After years of researching sexual assault, public health specialist Dr. Rebecca Thurston began to realize that sexual harassment is like a venom, slowly degrading its victims’ physical health.

For the first time, science indicates that sexual trauma is not just something that happens in the mind, but also has lasting consequences on the body. The harm gradually appears in victims’ cardiovascular systems — limiting blood flow by damaging blood vessels and the inner lining of their hearts.

However, injured hearts aren’t just a result of unwanted sexual contact. In Thurston’s latest study with the University of Pittsburgh’s School of Medicine, she looked at several traumatic experiences that might make sufferers sicker.

Besides sexual harassment, 272 women also reported events like car accidents, the death of a child, natural disasters or being beaten or mugged. Most women had experienced at least one of these traumas, with “unwanted sexual contact” the most common one.

Women who dealt with one (or more) of these ordeals showed it in their circulatory systems. Healthy blood vessels around the heart can expand and contract to allow the right amount of blood to flow through, but women who experienced trauma had less flexibility in their blood vessels. The more trauma they’d dealt with, the more their vessels became stiff.

Over the past several years, separate studies have found other physical complications occurring in sufferers of sexual harassment. Of course, there’s the immediate aftermath of physical injury, anxiety, post-traumatic stress, pregnancy and/or sexually transmitted infections. But even years later, women face increased risk of heart disease, disturbed sleep, migraines, gastrointestinal problems, substance abuse and eating disorders.
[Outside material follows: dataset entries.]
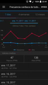 Por ejemplo, si seleccionas la frecuencia cardiaca, el hardware te cargará un gráfico de esta.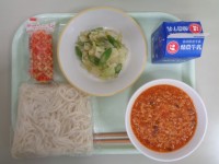 今日の献立は、ごはん、カレーライス、フルーツゼリーミックス、福神和え、牛乳 です。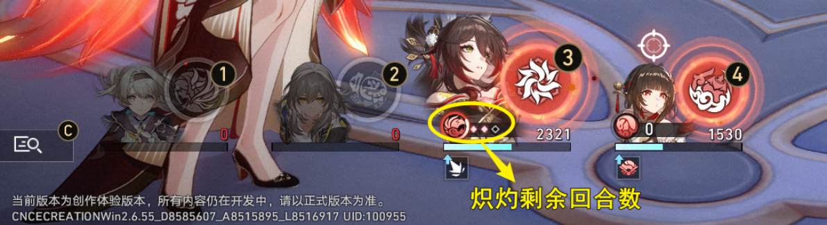 ⑤【炽灼】的剩余回合数会显示在角色头像下方的特殊机制栏中。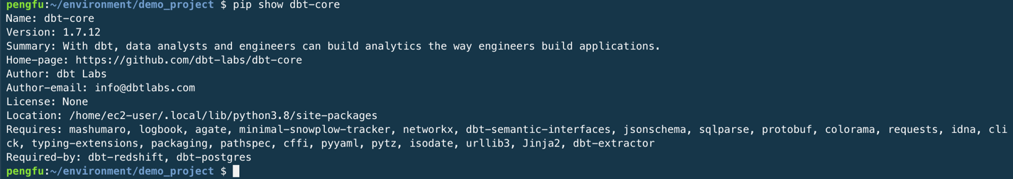 安装完成后,您可以通过以下命令检查 dbt 的安装状态:

There’s still no clear answers about why trauma victims would have poorer health, but Thurston and her team suspects disrupted sleep plays a big part.

It’s also highly likely that the continued stress of sexual assault takes a toll on well-being. People often think of sexual harassment as a one-time event, but much more often, it happens over an extended period of time.

That type of stress day after day does some ugly stuff to bodies, including inhibiting the immune system and inducing high blood pressure, high cholesterol, weight gain, defective memory and depression.

The negative health effects of sexual assault go beyond the obvious. Emerging studies show how violating someone can seep into every element of their well-being, both psychological and physical.

Researchers hope to use the momentum of the #MeToo movement to begin to better understand sexual harassment by studying its roots, its perpetrators, its victims and its consequences. Only then can they hope to find an antidote to the slow-moving venom of sexual assault.